*** Begin section ***
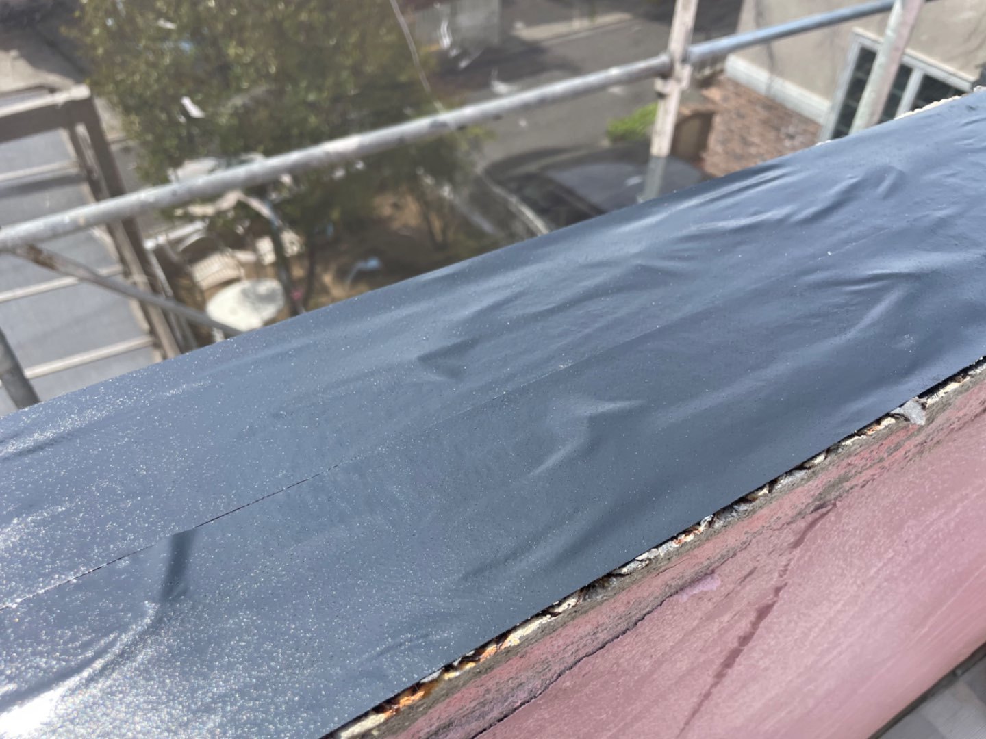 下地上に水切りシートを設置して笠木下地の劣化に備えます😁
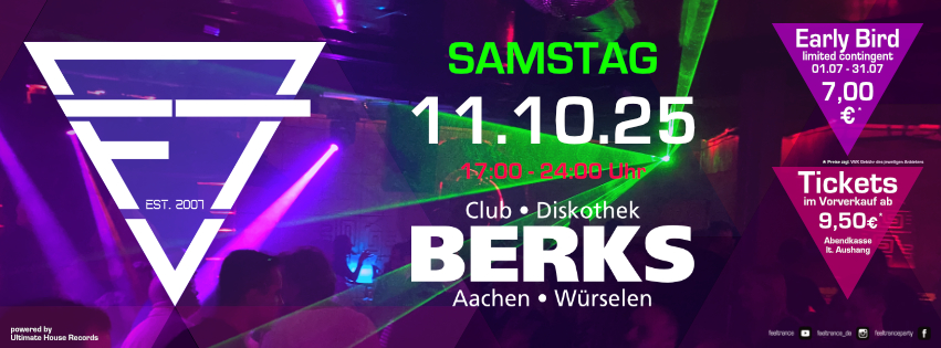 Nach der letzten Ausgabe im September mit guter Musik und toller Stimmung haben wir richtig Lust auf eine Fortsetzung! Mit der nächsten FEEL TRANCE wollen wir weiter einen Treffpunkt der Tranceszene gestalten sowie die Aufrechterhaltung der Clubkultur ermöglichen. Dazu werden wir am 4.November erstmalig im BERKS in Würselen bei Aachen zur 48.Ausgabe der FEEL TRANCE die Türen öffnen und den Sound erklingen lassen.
*** End section ***
*** Begin section ***
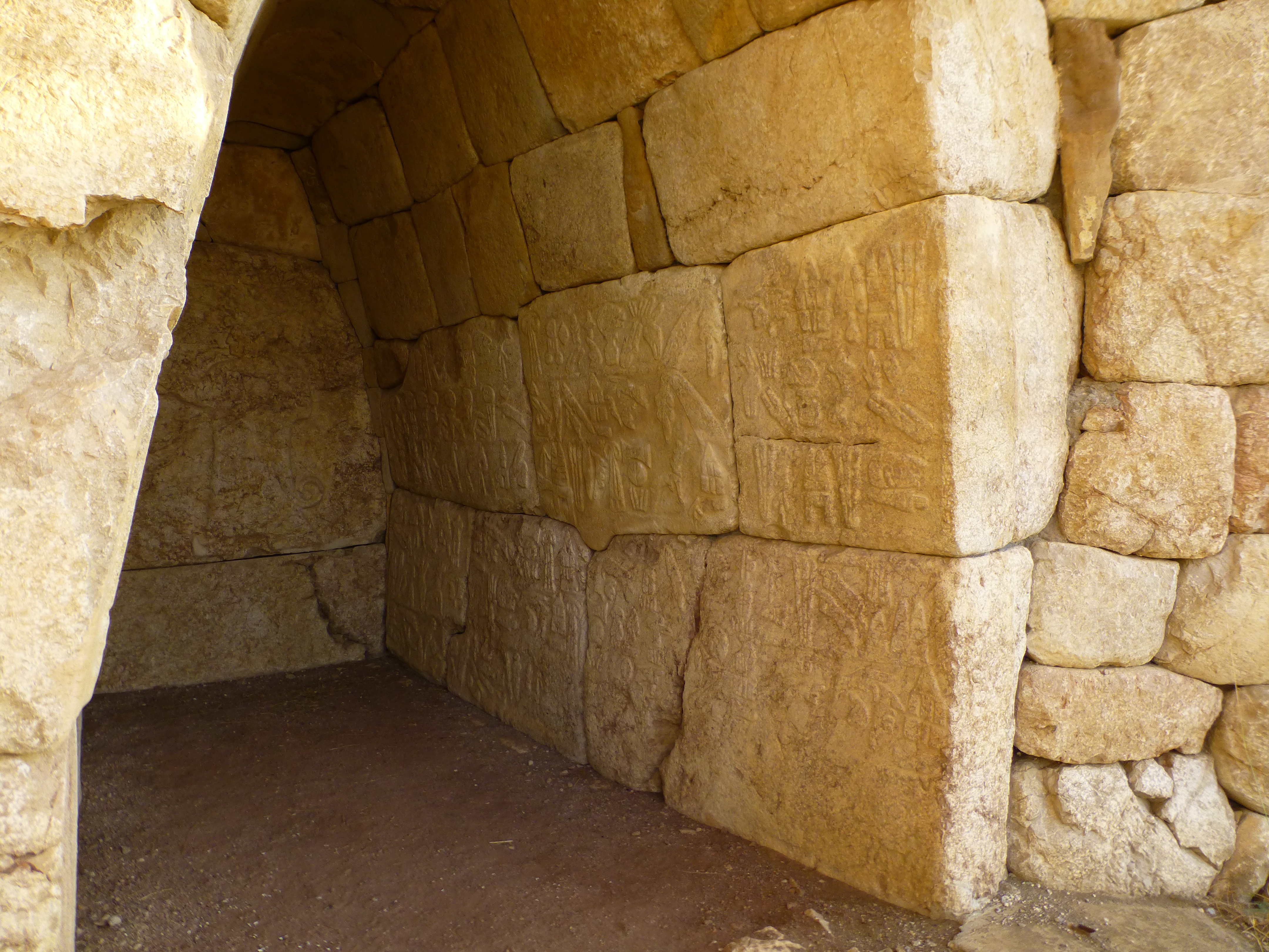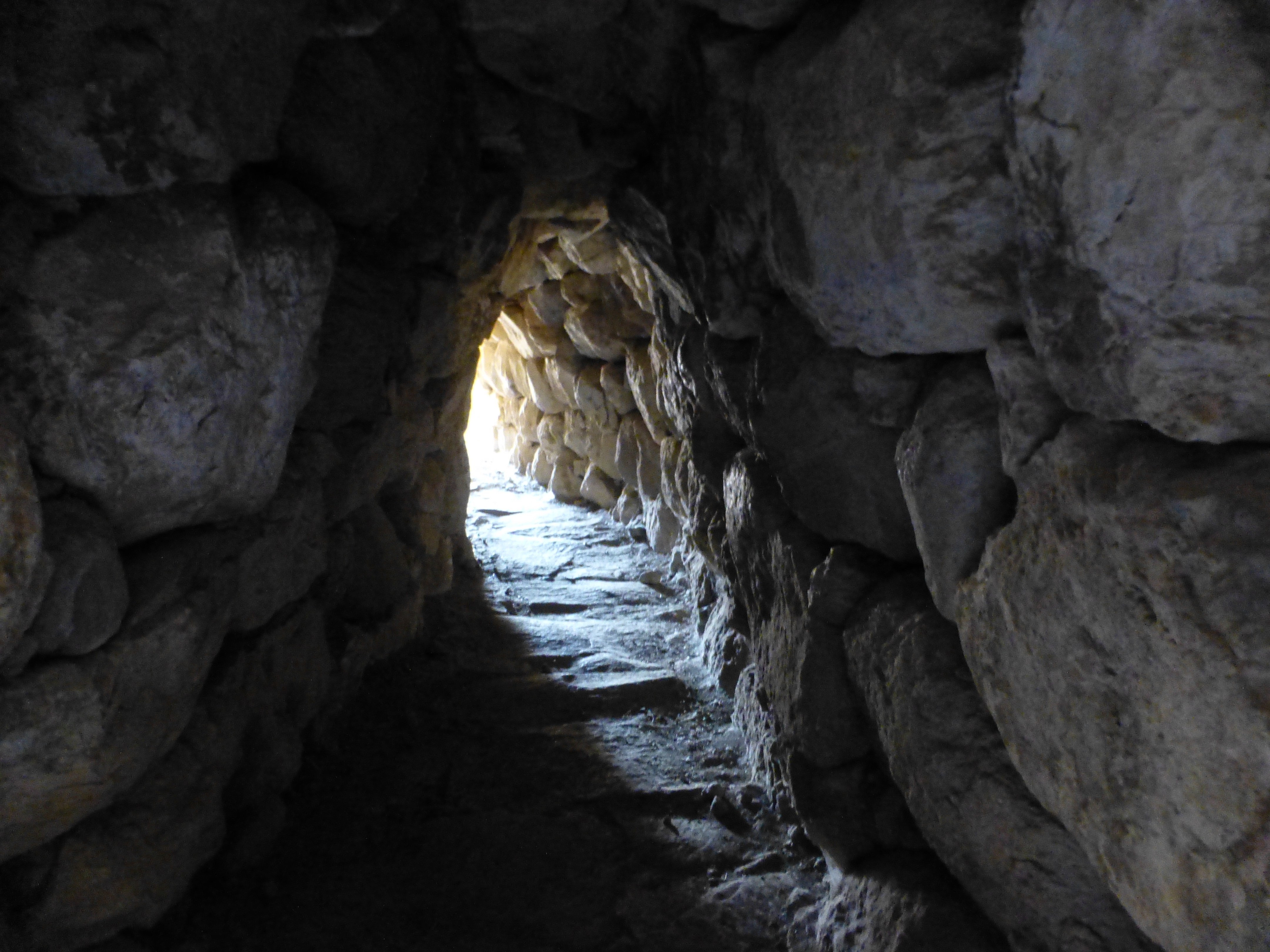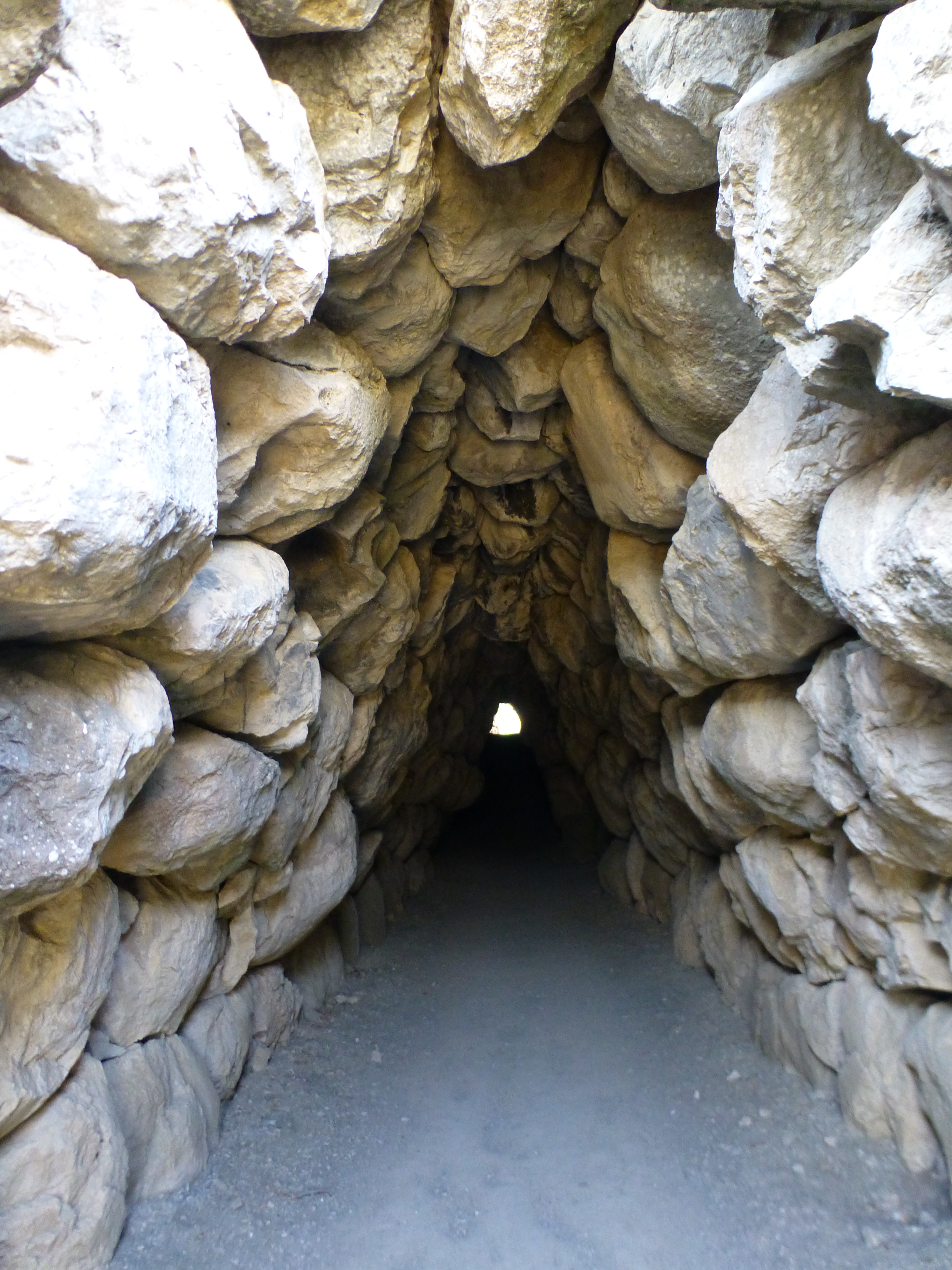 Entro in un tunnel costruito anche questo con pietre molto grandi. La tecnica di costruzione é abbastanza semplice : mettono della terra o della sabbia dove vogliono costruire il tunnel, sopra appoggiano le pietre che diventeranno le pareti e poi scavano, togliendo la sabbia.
*** End section ***
- **Assignment**: Return exactly the stretch above whose first line contains "下地上に水切りシートを設置して笠木下地の劣化に備えます😁" and whose last line contains "Nach der letzten", and nothing outside it. The pictures should not appear.

- **Result for this task**:
 下地上に水切りシートを設置して笠木下地の劣化に備えます😁
 Nach der letzten Ausgabe im September mit guter Musik und toller Stimmung haben wir richtig Lust auf eine Fortsetzung! Mit der nächsten FEEL TRANCE wollen wir weiter einen Treffpunkt der Tranceszene gestalten sowie die Aufrechterhaltung der Clubkultur ermöglichen. Dazu werden wir am 4.November erstmalig im BERKS in Würselen bei Aachen zur 48.Ausgabe der FEEL TRANCE die Türen öffnen und den Sound erklingen lassen.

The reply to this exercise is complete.